### RECORDS SUPPLIED
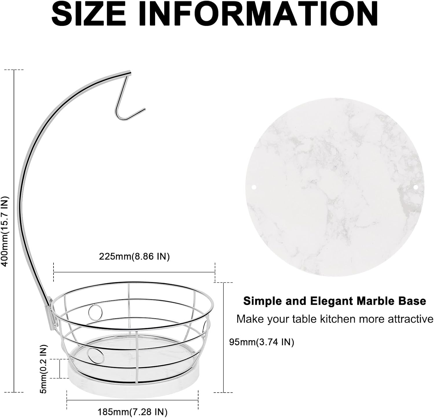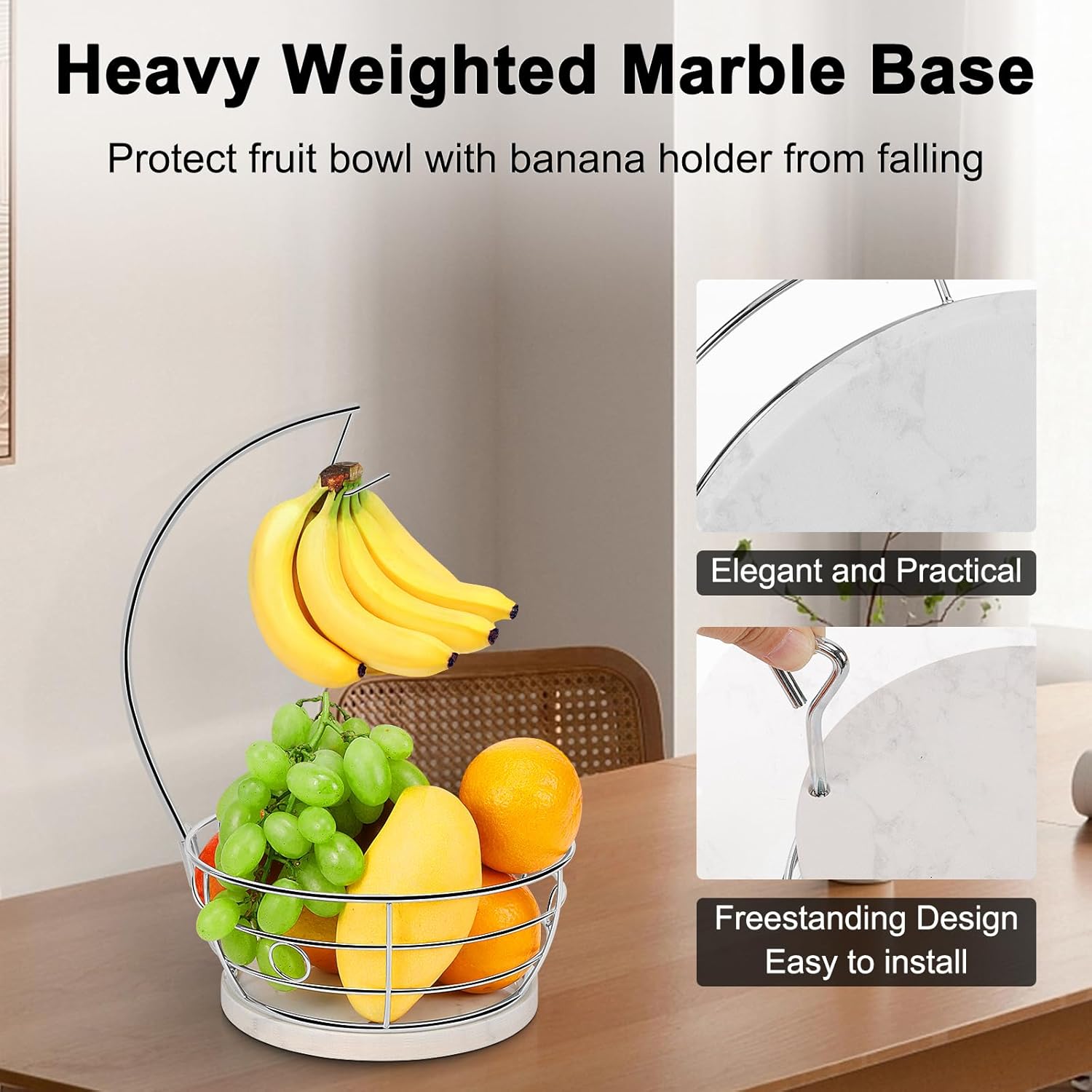 Livabber Countertop Fruit Basket Bowl with Banana Hanger, Modern Standing Fruit Vegetable Bowl Storage, with Banana Tree Holder for Kitchen Dinning Table (Round Marble, Chrome)
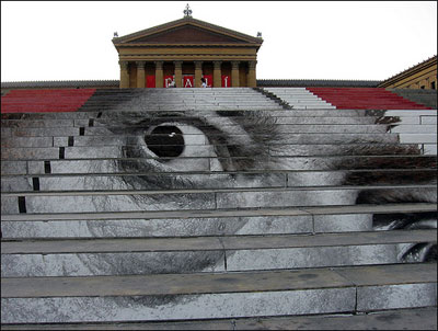 چیزی که شبیه ابزار ساده "خیره کردن" در فتوشاپ هست در حقیقت پله های موزه هنر فیلادلفیاست، که عابران رو می ترسونه.
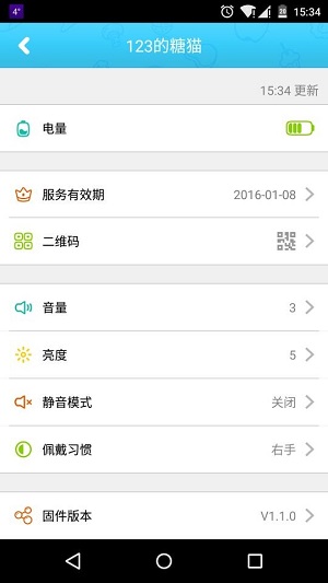 通过智能手机,用户可以查看“糖猫”儿童智能手表的电量,调节声音大小、显示亮度、左右手佩戴习惯等属性,一款“糖猫”儿童智能手表也能够支持多个家长。
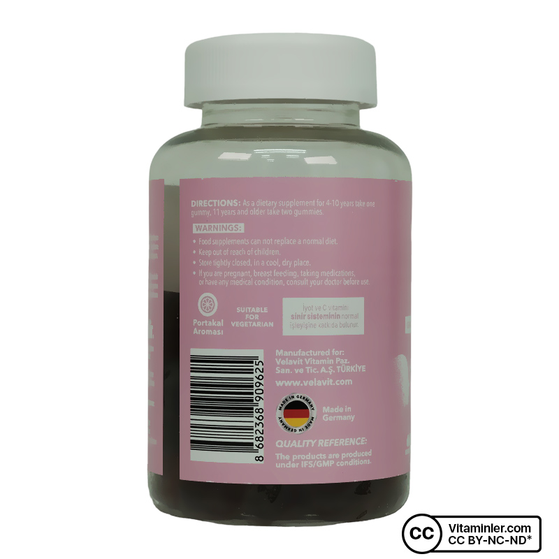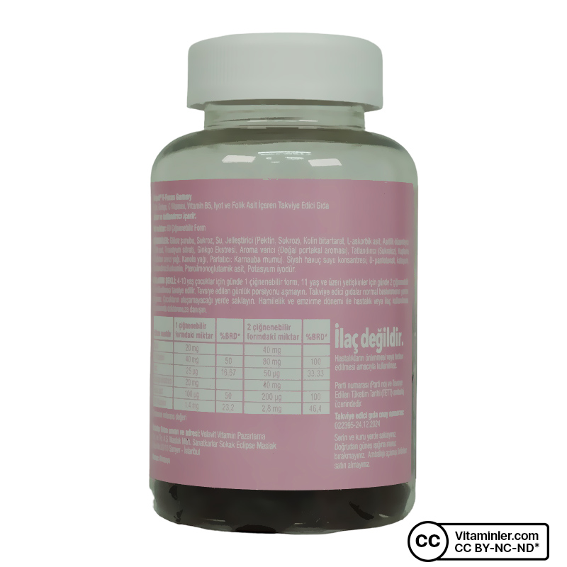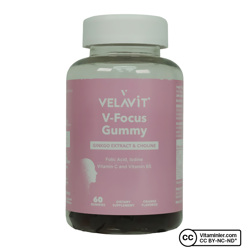 Velavit V-Focus Gummy 60 Çiğnenebilir Form Portakal, ginkgo biloba ekstresi içeren formüle sahiptir. Çocuk ve yetişkin kullanımına uygun olan V-Focus Gummy, portakal aroması sayesinde kolay tüketim imkanı sunar. Gluten, soya ve laktoz içermeyen ürün, 60 adet çiğnenebilir formdan oluşur.
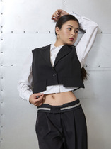 Жилет из джерси полуприлегающего силуэта, имеет английский воротник. Аккуратная баска гармонирует с вырезом горловины. Модель подходит для девочек с разными типами фигур. По линии втачивания баски, дополнена поясом на кольцах и этой же ткани.
######
TASK STATEMENT.
Quote only what lies between the first line of the records and the line containing "Velavit V-Focus Gummy", please, including both lines and excluding images.

RESULT OF THIS EXERCISE.
 Livabber Countertop Fruit Basket Bowl with Banana Hanger, Modern Standing Fruit Vegetable Bowl Storage, with Banana Tree Holder for Kitchen Dinning Table (Round Marble, Chrome)
 چیزی که شبیه ابزار ساده "خیره کردن" در فتوشاپ هست در حقیقت پله های موزه هنر فیلادلفیاست، که عابران رو می ترسونه.
 通过智能手机,用户可以查看“糖猫”儿童智能手表的电量,调节声音大小、显示亮度、左右手佩戴习惯等属性,一款“糖猫”儿童智能手表也能够支持多个家长。
 Velavit V-Focus Gummy 60 Çiğnenebilir Form Portakal, ginkgo biloba ekstresi içeren formüle sahiptir. Çocuk ve yetişkin kullanımına uygun olan V-Focus Gummy, portakal aroması sayesinde kolay tüketim imkanı sunar. Gluten, soya ve laktoz içermeyen ürün, 60 adet çiğnenebilir formdan oluşur.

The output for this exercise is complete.